DPBT (2.9 mg, 0.010 mmol), 2,6-NDA (2.16 mg, 0.010 mmol), Zn(NO₃)₂·6H₂O (11.90 mg, 0.04 mmol), and HNO₃ (2 drops, 2 M) were successively added into a Teflon vessel with a mixture of V_DMF/V_H2O/V_CH3CN (3:4:1). After ultrasound for 30 min, the above mixture was sealed and heated to 100 ℃ for one day. After cooling, yellow rodlike crystals were obtained. Yield: 62% based on 2,6-NDA ligand. IR Spectra (KBr, m/cm⁻¹): 3430 s, 2923 s, 1670 s, 1637 s, 1552 w, 1407 s, 1361 s, 1223 w, 1089 s, 1032 w, 822 m, 792 s, 482 s.

5. Conclusions

In summary, one Zn(II)-MOF (MOF-1) based on 2,6-naphthalenedicarboxylic acid (2,6-NDA) and 4,7-di(4-pyridyl)-2,1,3-benzothiadiazole was effectively synthesized by a mixed-ligand approach.

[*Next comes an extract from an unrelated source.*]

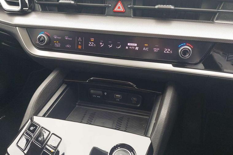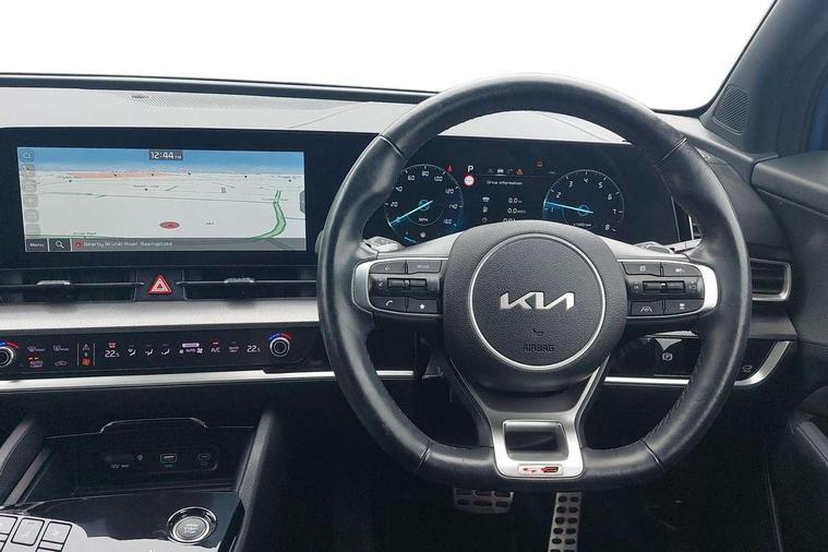 12.3" Display with navigation, 12.3" supervision colour cluster display, 360 degree around view monitor, Apple car play/Android Auto with voice control, Blind spot collision avoidance assist, Blind spot view monitor, Drive mode selector, E-call, Forward collision avoidance assist (FCA) - city/pedestrian/cyclist/junction covering, Front and rear parking sensors, Highway Driving Assist (HDA), Intelligent speed limit assist, Kia Connect (UVO), Lane Following Assist (LFA), Lane keep assist, Low washer fluid warning, Parking collision avoidance assist (PCA), Remote smart parking assist, Reversing camera system integrated into centre fascia screen, Smart cruise control with stop and go functionality, Smart power tailgate, Speed sensitive power steering, Trip computer, Windscreen washer level indicator, Wireless Smartphone charger, Intelligent Stop and Go, Bluetooth audio streaming, DAB Radio with MP3, Harman Kardon premium sound system, Rear USB port, Steering wheel mounted audio controls, USB C type charging ports on centre console, USB C type charging ports on side of front seats, USB port for connection of a media device, All round electric windows with drivers and front passenger auto up/down function, Automatic headlight control system, Automatic window defogger, Backlite glass heated with timer, Body colour and black bumper with silver accents, Body colour exterior door handles, Body colour radiator upper garnish and door garnish, Dual LED adaptive headlamps, Electric panoramic glass sunroof (Electric one touch with safety function), Electrically adjustable/heated/folding door mirrors with LED indicators, Front and rear chrome skid plates, Gloss black door mirrors, Gloss black radiator grille, Gloss black side sill and wheel arch body mouldings, Glossy black roof rack, High beam assist, Interior electrochromic mirror, LED daytime running lights, LED front fog lamps, LED High mounted stop light, LED rear combination lamp, Rain sensing wipers with aero blades, Rear fog lamp, Rear privacy glass, Rear side wing doors, Rear spoiler, Rear wiper, Satin finished beltline, Silver coloured inserts to bumpers, Tinted rear glass, Trailer stability assist, 10 way driver/8 way passenger electrically power adjustable seats, 12V power socket in front centre fascia and luggage compartment, 3 seat bench in 2nd row, 3 x passenger assist grips, 40/20/40 split folding rear seat, All-round height adjustable headrests, Ambient lighting, Black headlining, Centre console storage box, Cupholders in rear armrest, D-Shaped sports leather steering wheel and perforated inserts with GT-Line logo, Door courtesy lamps, Drink holder at centre armrest, Driver and front passenger side sunvisors with illuminated vanity mirrors, Driver seat memory function, Drivers seat power lumbar support, Front and rear door storage, Front seat and rear pockets, Front/rear centre armrests, Gear shift indicator, Glovebox illumination, Heated front and outer rear seats, Heated steering wheel, Interior door lock/unlock function, ISOFIX Child seat top tethers and anchor fixings outer rear seats, LED interior personal lamp, LED lighting in overhead console, Luggage area LED light, Luggage area load cover, Luggage net with hooks, Metal paint interior door handles, Paddle shift controls, Rear cabin light, Rear coat hooks, Single front passenger seat, Sports pedals, Suede leather upholstery, Three zone climate control, Tilt/telescopic adjustable steering wheel, Ventilated front seats, Ventilation ducts to rear compartment, Active front headrests, All round 3-point seatbelts, Anti-lock braking system (ABS), Dual front side airbags, Dual horn, Electronic parking brake, Electronic stability control with downhill brake control, Front passenger airbag cut-off switch, Front seatbelt pretensioners + load limiters, Height adjustable front seatbelts, Hill start assist control (HAC), Impact sensing auto door unlocking, Multi collision brake assist, Rear door child safety locks, Rear seat alert system, Traction control, Twin curtain airbags, Twin front airbags, Tyre pressure monitoring system, Advanced anti-theft system including immobiliser and alarm, Door deadlocks, Engine Start/Stop Button with Smart Entry System, Locking wheel nuts, Speed sensitive auto door locking, Visible vehicle identification number, Aluminium pattern finish centre fascia and door garnish, 18" GT-Line alloy wheels, Michelin tyres, Tyre mobility kit,

MOF-1 exhibited high purity, pH stability, and thermal stability. Luminescent experiments demonstrated that MOF-1 could be employed as a selective, sensitive, and convenient turn-on response sensor for DPA detection. In addition, based on the results of PXRD, UV–vis, FT-IR, XPS, and theoretical calculations, the enhancement mechanism between MOF-1 and DPA could be summarized by photoinduced electron transfer and hydrogen bonding interactions. The visualization of the fluorescent test paper makes it possible for the practical application of MOF-1. More biomarker sensors will be fabricated by our group in the future.